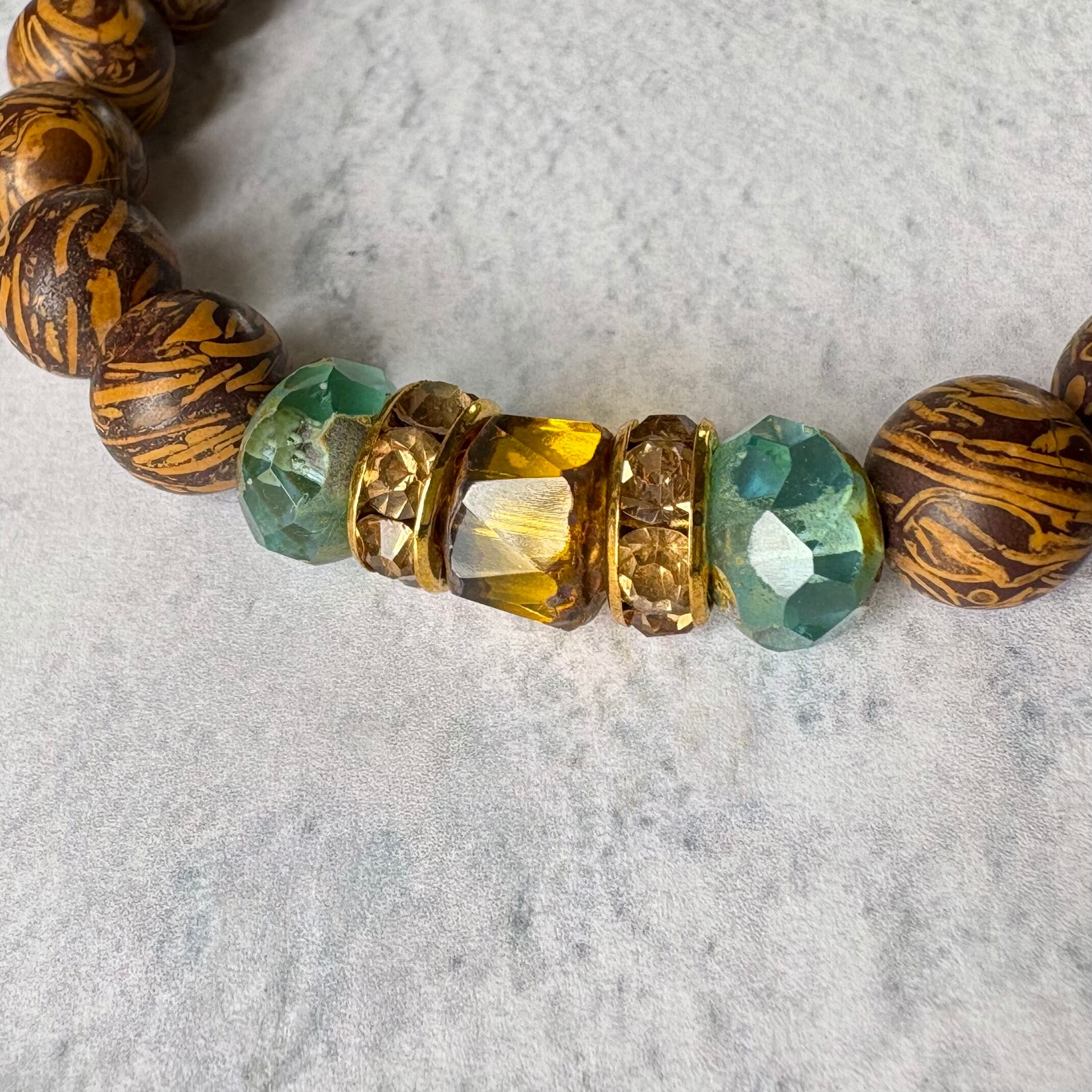 ブラウン色がベースのエレファントスキンジャスパーは、独特な模様と少しマットな質感が魅力。ひとつひとつ異なる表情を持ち素朴でありながらも味わい深い風合いが特徴です。チェコガラスビーズは透明感のある煌めきとアンティーク調の加工が施され、どこかヴィンテージ感のある雰囲気に。
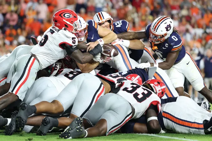 Los Auburn Tigers estaban a menos de una yarda de la zona de anotación, aparentemente a punto de tomar una ventaja de 17-0 sobre los Georgia Bulldogs No. 10 al final de la mitad que los Tigers habían dominado completamente. Y luego, en un abrir y cerrar de ojos, todo desapareció: el posible touchdown de Auburn, las esperanzas de Auburn de una sorpresiva victoria sobre un oponente clasificado, la esperanza de Auburn de una temporada salvable, todo se esfumó en un balón suelto muy discutible en la línea de gol.
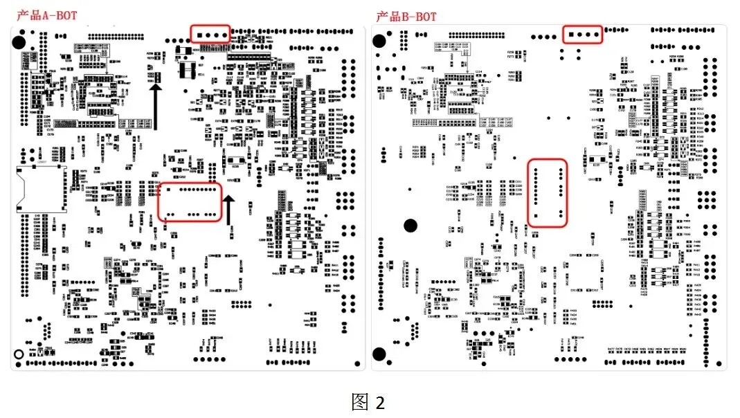 两板布局相似度极高,而插件布局除红色标记器件外,其它插件布局完全一致。
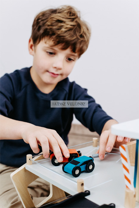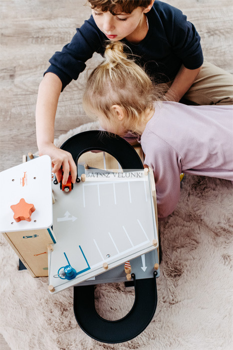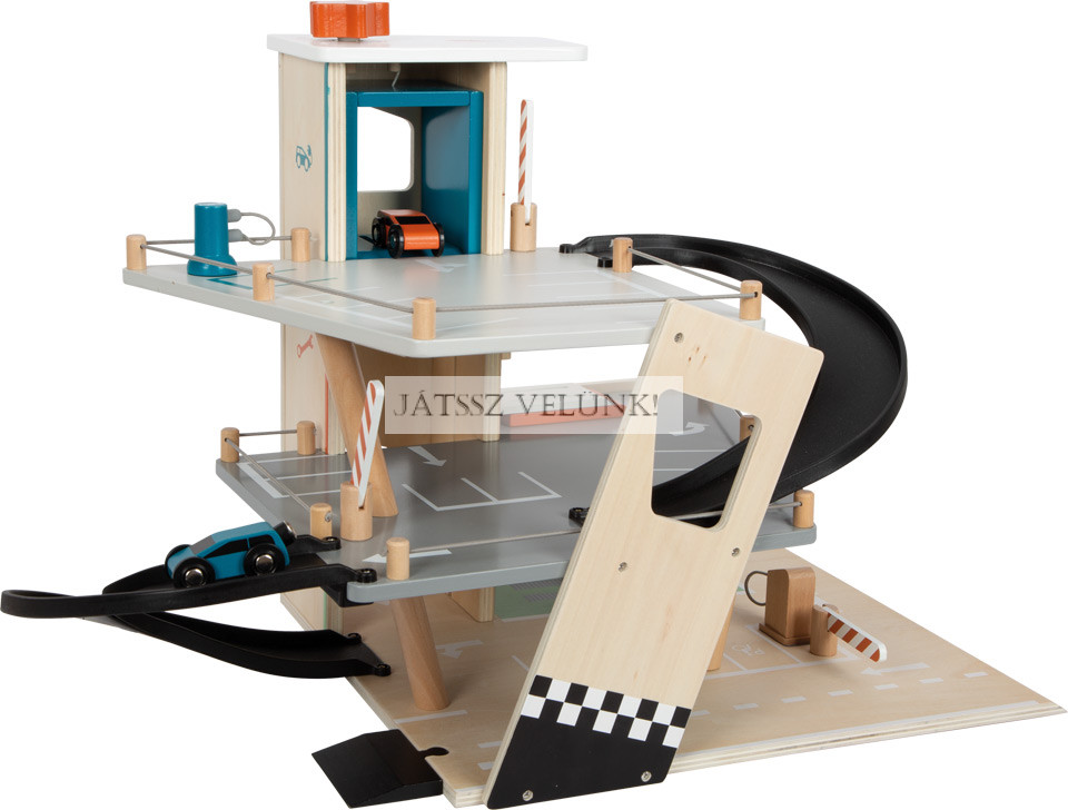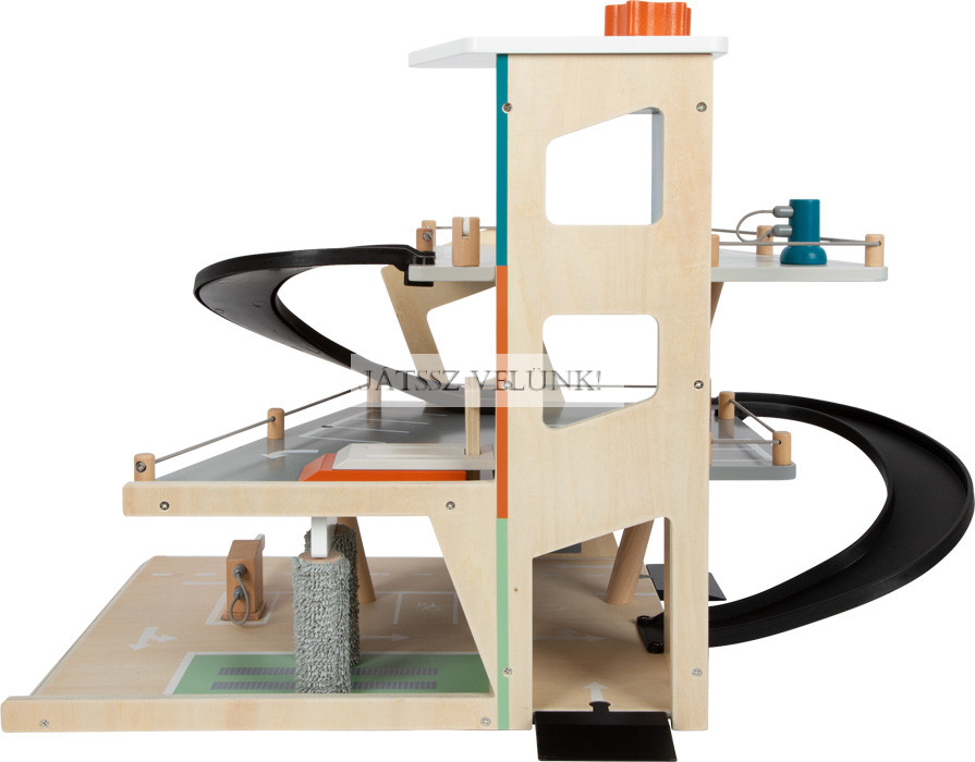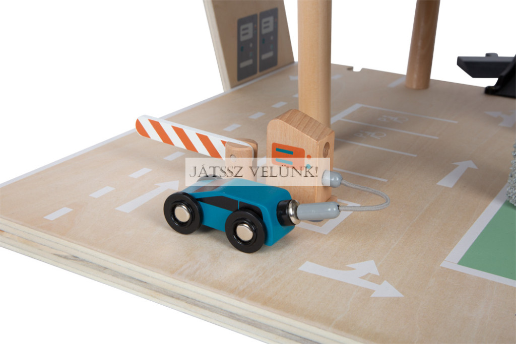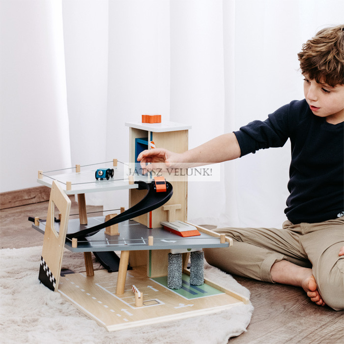 Ez a parkoló csodálatos benyomást kelt a sok látható faanyaggal és a visszafogott, divatos színek modern keverékével, valamint a dinamikus dizájnelemekkel, amelyek hozzájárulnak a rámpákon lefelé haladó autók sebességéhez. A gyártás során a környezeti tényezők figyelembevétele érdekében anyagtakarékos elrendezést választottak, amely elkerüli a gyártás során keletkező hulladékot. Mivel ez a parkoló csatlakozási pontokkal és behajtó rámpákkal rendelkezik, kombinálható a szokásos fa játékvonatokkal vagy kis gyalogos utcai elemekkel, és így integrálható a meglévő játékvilágokba. Abszolút fénypontja a játékautó-választéknak!
-*-*-
- [YOUR OBJECTIVE]: Restate the listing word for word and drop the pictures.

- [EXERCISE SOLUTION]:
 ブラウン色がベースのエレファントスキンジャスパーは、独特な模様と少しマットな質感が魅力。ひとつひとつ異なる表情を持ち素朴でありながらも味わい深い風合いが特徴です。チェコガラスビーズは透明感のある煌めきとアンティーク調の加工が施され、どこかヴィンテージ感のある雰囲気に。
 Los Auburn Tigers estaban a menos de una yarda de la zona de anotación, aparentemente a punto de tomar una ventaja de 17-0 sobre los Georgia Bulldogs No. 10 al final de la mitad que los Tigers habían dominado completamente. Y luego, en un abrir y cerrar de ojos, todo desapareció: el posible touchdown de Auburn, las esperanzas de Auburn de una sorpresiva victoria sobre un oponente clasificado, la esperanza de Auburn de una temporada salvable, todo se esfumó en un balón suelto muy discutible en la línea de gol.
 两板布局相似度极高,而插件布局除红色标记器件外,其它插件布局完全一致。
 Ez a parkoló csodálatos benyomást kelt a sok látható faanyaggal és a visszafogott, divatos színek modern keverékével, valamint a dinamikus dizájnelemekkel, amelyek hozzájárulnak a rámpákon lefelé haladó autók sebességéhez. A gyártás során a környezeti tényezők figyelembevétele érdekében anyagtakarékos elrendezést választottak, amely elkerüli a gyártás során keletkező hulladékot. Mivel ez a parkoló csatlakozási pontokkal és behajtó rámpákkal rendelkezik, kombinálható a szokásos fa játékvonatokkal vagy kis gyalogos utcai elemekkel, és így integrálható a meglévő játékvilágokba. Abszolút fénypontja a játékautó-választéknak!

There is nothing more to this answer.